Here the XSLTransformations are defined. Each <transform/> node defines a single transformation. The transformations are done step by step. If @selected="true" they are processed by default but can get deactivated in the advanced mode in the frontend. If there are namespaces used in the xsl files, declare them in the <importNamespaces/> section.

<validation-catalogs/> contains uris pointing to xsd schemas against which the resulting xml gets validated.
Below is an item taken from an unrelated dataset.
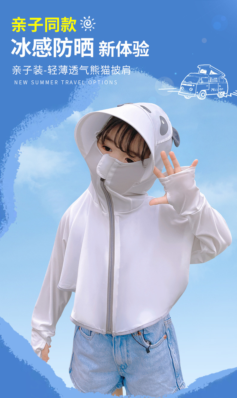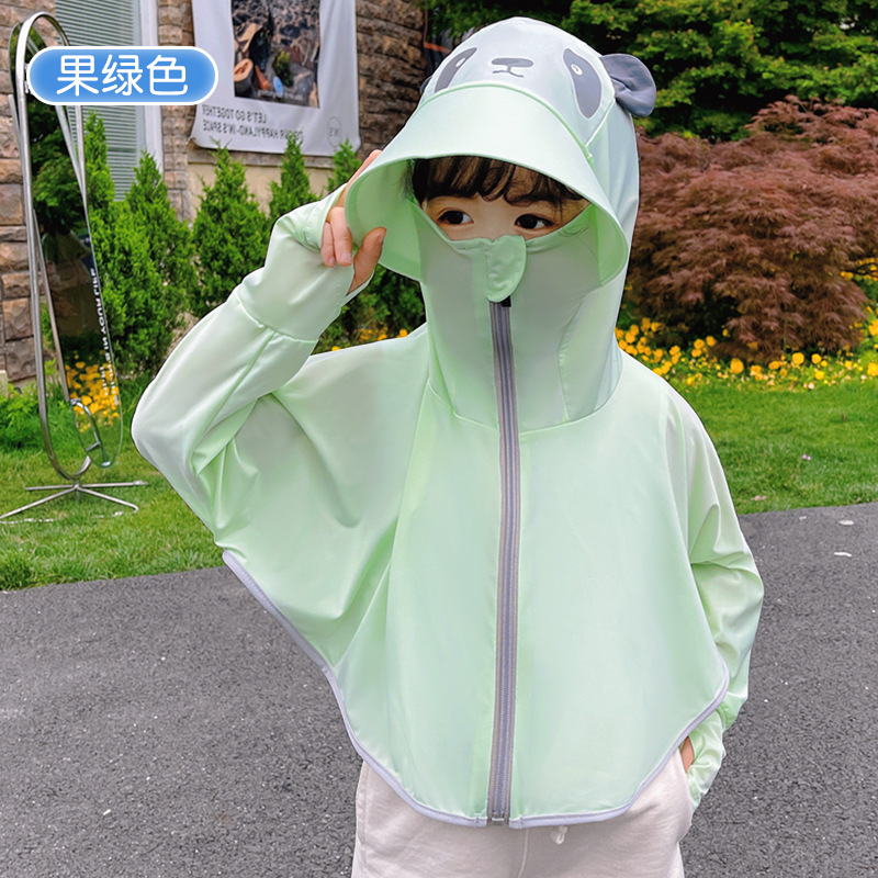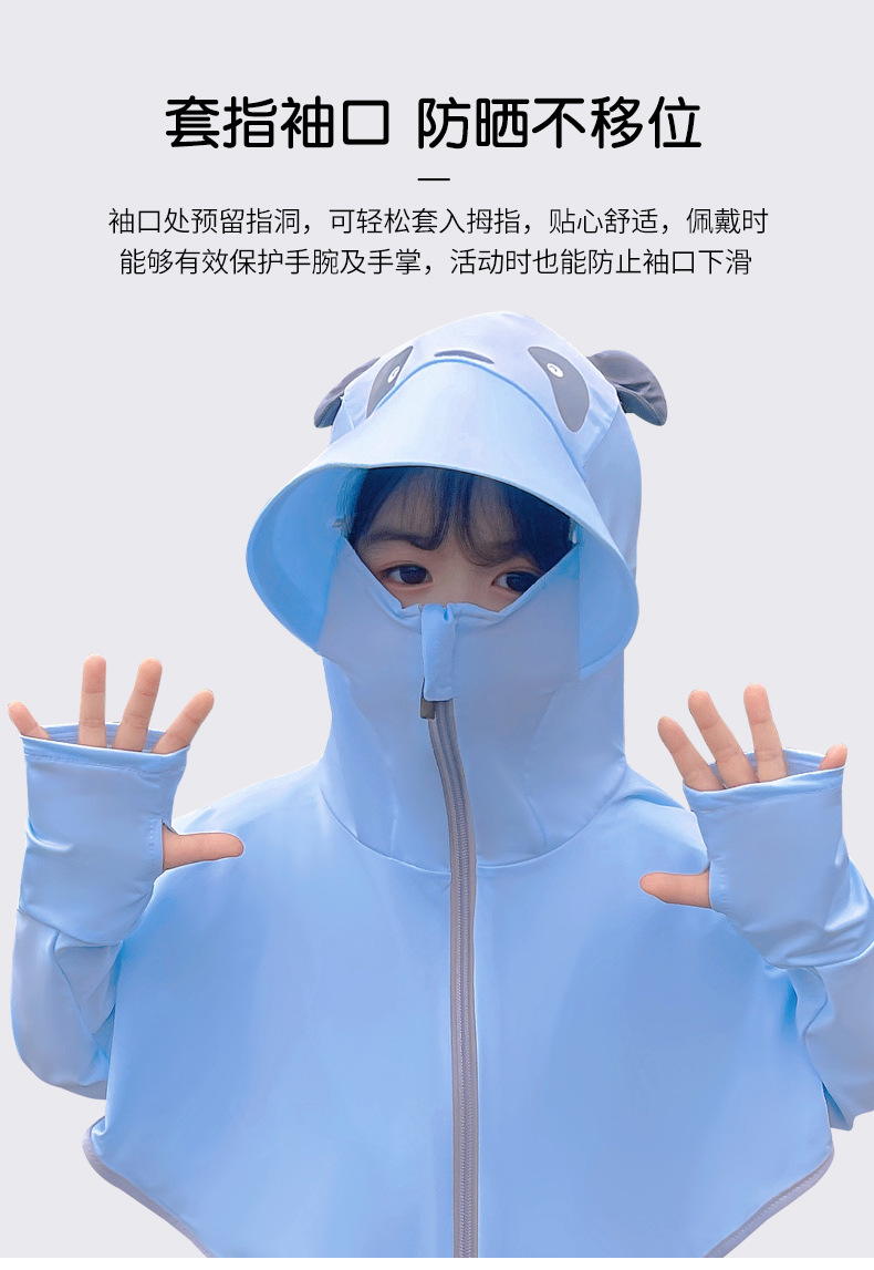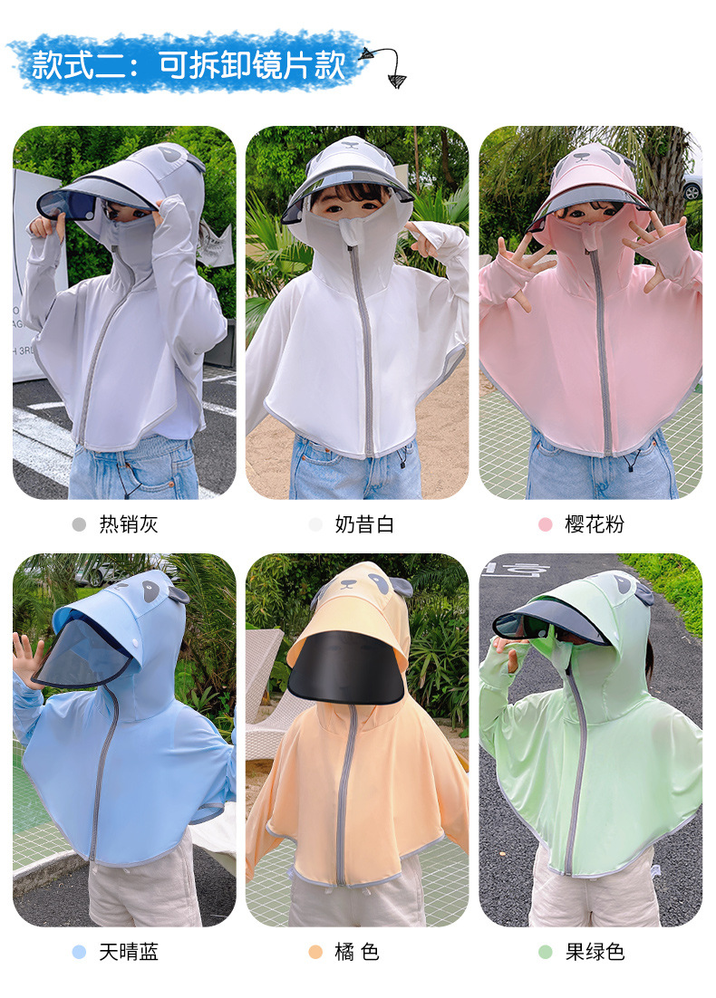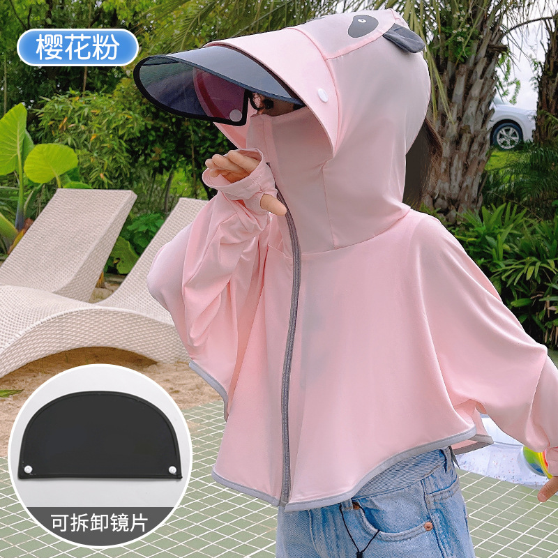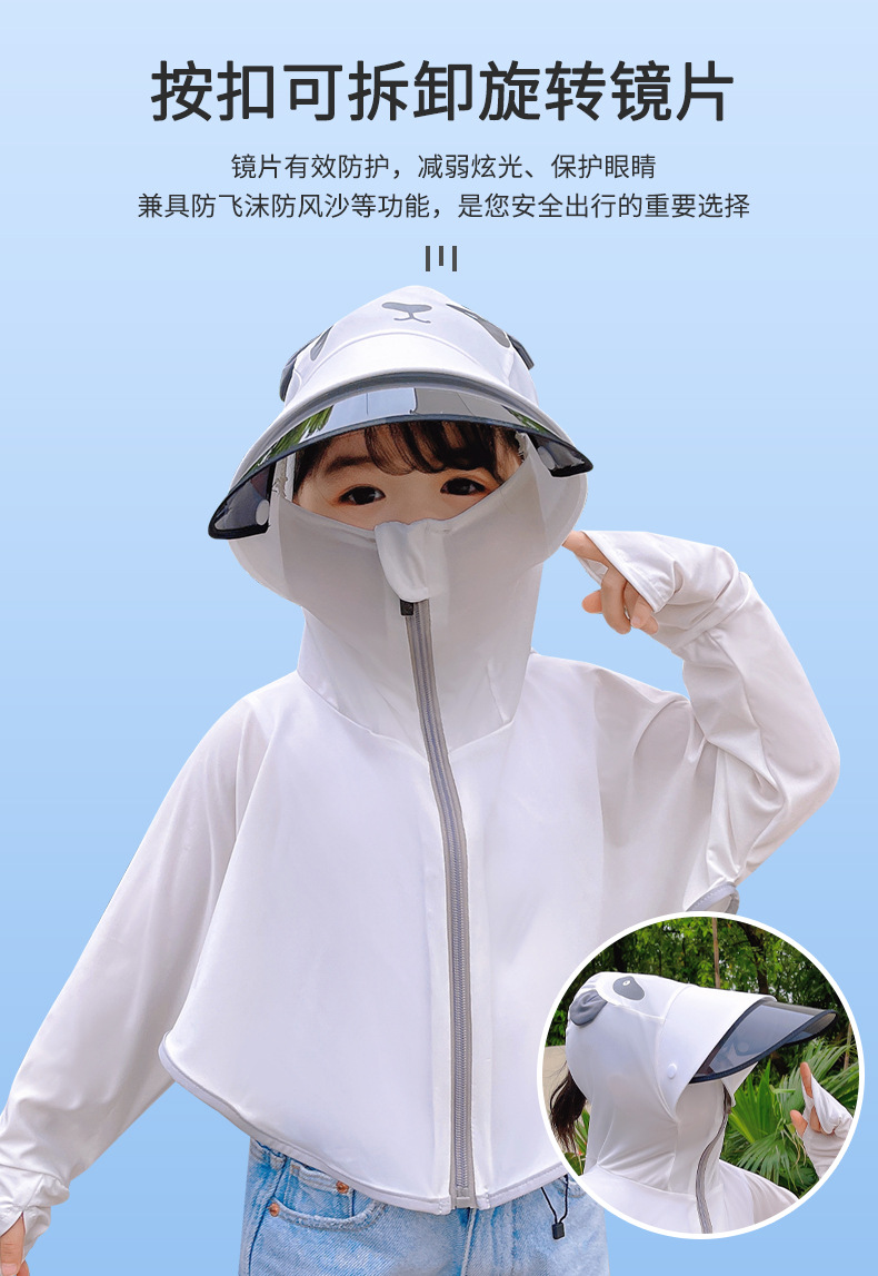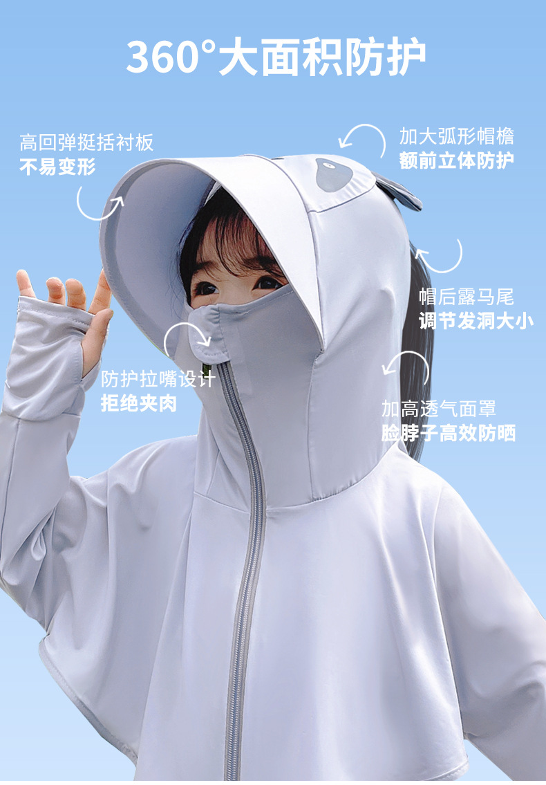 Детская солнцезащитная одежда с ледяной шелк 2025 летняя анти-ультрафиолетовая девочка мальчик красивый тонкий дышащий солнцезащитный костюм с капюшоном

Validation is done by the Xerces2 library using the eXist db internal validation functions.

For the preview in the frontend there is the <paginationQuery/>. Use a xpath here which gets util:eval()'ed after the whole processing (including xsl-transformations). Each item in the result is treated as a page.

License

Copyright 2016 Heidelberg Research Architecture (HRA), University of Heidelberg.

Licensed under the Apache License, Version 2.0 (the "License"); you may not use this file except in compliance with the License. You may obtain a copy of the License at

   http://www.apache.org/licenses/LICENSE-2.0

Unless required by applicable law or agreed to in writing, software distributed under the License is distributed on an "AS IS" BASIS, WITHOUT WARRANTIES OR CONDITIONS OF ANY KIND, either express or implied. See the License for the specific language governing permissions and limitations under the License.